Chief Medical Officer Dr. McCoy, having reviewed the records of Kirk's previous encounter, confronts the captain over his obsession with the gaseous Di-Kironium creature; as a young lieutenant, Kirk had hesitated in firing his own phaser at the creature, which subsequently killed half the Farragut crew, including Garrovick's father, who was the captain of that ship and Kirk's first service commander. Though given a commendation for bravery, Kirk continues to blame himself for their deaths. Kirk maintains that the creature poses an urgent threat, even yelling at Ensign Chekov.

Chekov interrupts a discussion being held by Spock and McCoy with Kirk in his quarters concerning his obsession with the creature to report that the cloud creature is moving away from the planet.

The Enterprise chases the creature at its maximum warp 8, but then reduces to warp 6 until it turns around and advances on the ship. Kirk orders the ship's phaser and photon torpedo weapons to fire, neither of which have effect. The creature then passes through the shields and into the ship's ventilation system. Spock points out to Kirk that, since the creature cannot be harmed with conventional weapons, the captain has nothing to regret about his earlier encounter. Determined to combat this illogical human guilt reaction, Spock is trying to convince Garrovick he did nothing wrong when the creature emerges through a damaged vent in Garrovick's room. Spock, after forcing Garrovick to leave, tries to shut it out, and is enveloped, but his copper-based green blood repels it. Realizing that neither he nor Garrovick could have harmed the creature, Kirk orders the ensign to return to duty.

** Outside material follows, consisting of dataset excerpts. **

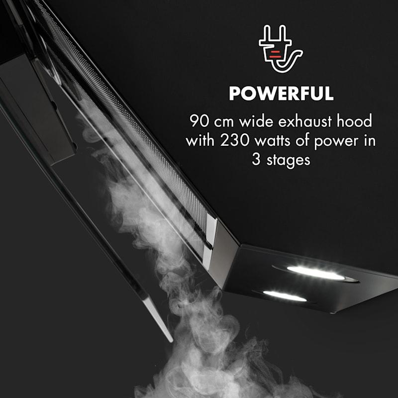 Svojím čistým a zároveň elegantným dizajnom s čiernym sklom sa odsávač pár Klarstein Annabelle 90 úžasne začlení do každého štýlu zariadenia kuchyne, pričom bude určite pútať pohľady.
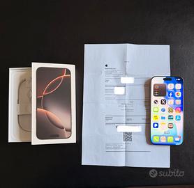 Vendo iphone 16 pro max 512 giga colore desert titatnium utilizzato solo per lavoro. Condizioni perfette come nuovo, sempre con cover e pellicola protettiva schermo. Acquistato il 28/10/24 direttamente presso Apple store, ancora con garanzia apple care +. Batteria al 95%. Prezzo 1.000,00 € (mille euro) INTRATTABILI (e ripeto intrattabile il prezzo non mi chiedete sconti perche il telefono è perfetto). Vendo perchè sono passato a iphone 17 pro max.
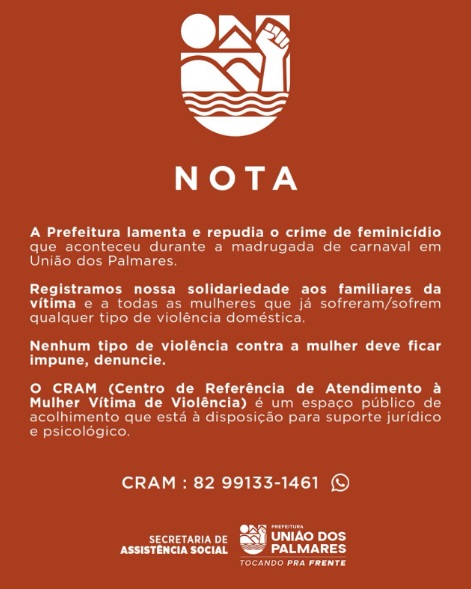 A Prefeitura de União dos Palmares repudiou o feminicídio e colocou o Centro de Referência de Atendimento à Mulher Vítima de Violência (CRAM) à disposição para a família da vítima. Veja abaixo:
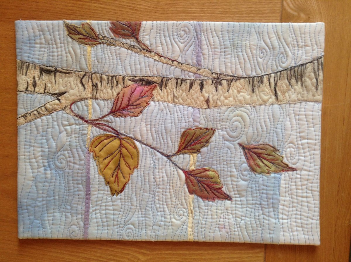 It's raw edge appliqué with the leaves (except 2) printed on some hand dye cotton with metallic paint then cut round leaf shape and bondawebbed on. The stitched branch bunched the fabric so I had to cut a section out :roll:
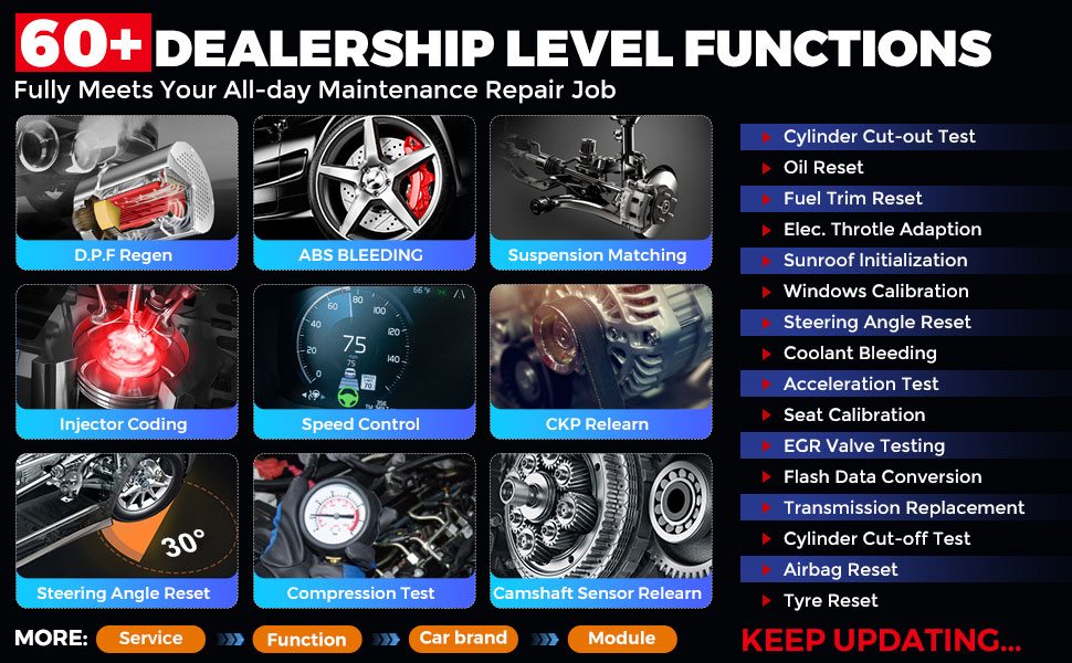 - Supports 60 special functions such as maintenance light reset, throttle matching, steering angle reset, brake pad reset, tire pressure reset, etc.
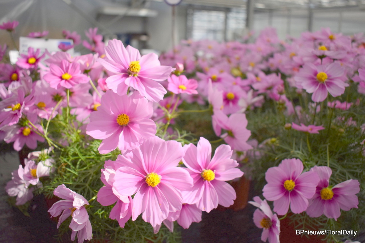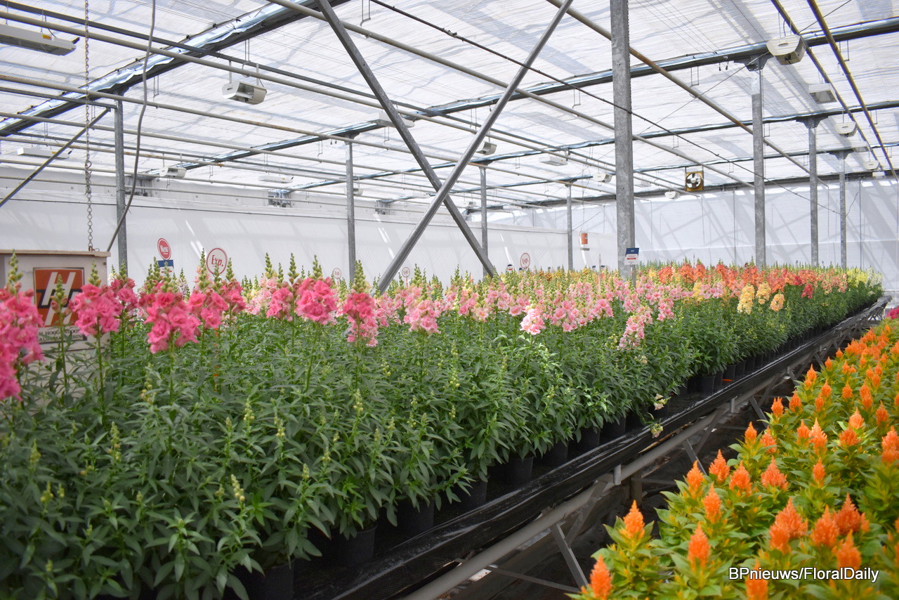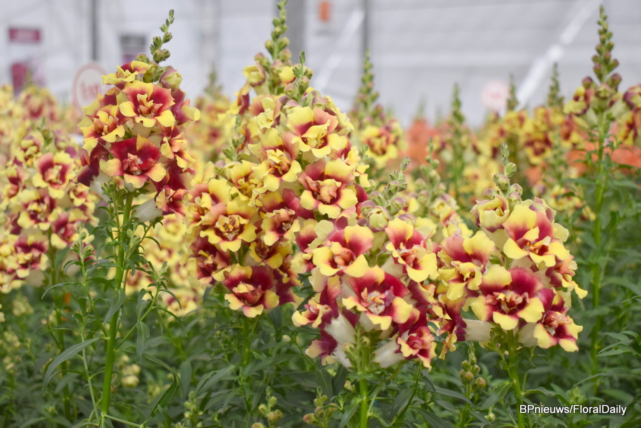 On the left in the photo, many tables with Double Shot can be seen. A new series of double-flowered Snapdragon. The series has heavy branches, performs well in the garden but can also be cultivated to be used as cut flowers for a short bouquet. The stems reach about 60 centimeters, which is slightly shorter than the original cut snapdragons. But for many bouquets, that is not a problem.

The creature finally leaves the ship. Believing it to be heading to the Tycho system to spawn, Kirk and Garrovick beam down with an antimatter bomb. With the creature about to envelop them, Kirk and Garrovick beam away and the bomb explodes, annihilating the entity.

==Production==
The writer, Art Wallace, noted that he based the story on Moby-Dick and series writer D. C. Fontana observed that it had similarities with the earlier episode, "The Doomsday Machine".

When director Ralph Senensky left to observe the Jewish holiday of Yom Kippur, producer John Meredyth Lucas took his place for a few hours, making this his directorial debut for the series. Later Lucas directed "The Ultimate Computer", "Elaan of Troyius", and "The Enterprise Incident".

"Lieutenant Lesley" played by regular Star Trek background actor Eddie Paskey is killed in this episode, however his character re-appears (and is referred to by name) in many subsequent episodes. Paskey was one of the core group of regular Star Trek extras and appeared in almost every episode, including the second pilot "Where No Man Has Gone Before", until he left the show in the middle of the third season.

==Reception==
Zack Handlen of The A.V. Club gave the episode a "B" rating saying that Garrovick isn't important to the viewers, because this is the only episode in which he is seen, and that Kirk's "obsession" is a nice flaw to see in an otherwise too-perfect character.

In 2014, Gizmodo ranked "Obsession" as the 43rd-best episode of Star Trek, out of the over 700 episodes made by that time. They note it shows the dangers of an out-of-control captain, and that Kirk has become obsessed with getting revenge in this episode.

In 2009, GameRadar+ noted this episode for the deaths of crewmen during the away mission to the planet's surface.

In 2019, Nerdist included this episode on their "Best of Kirk" binge-watching guide.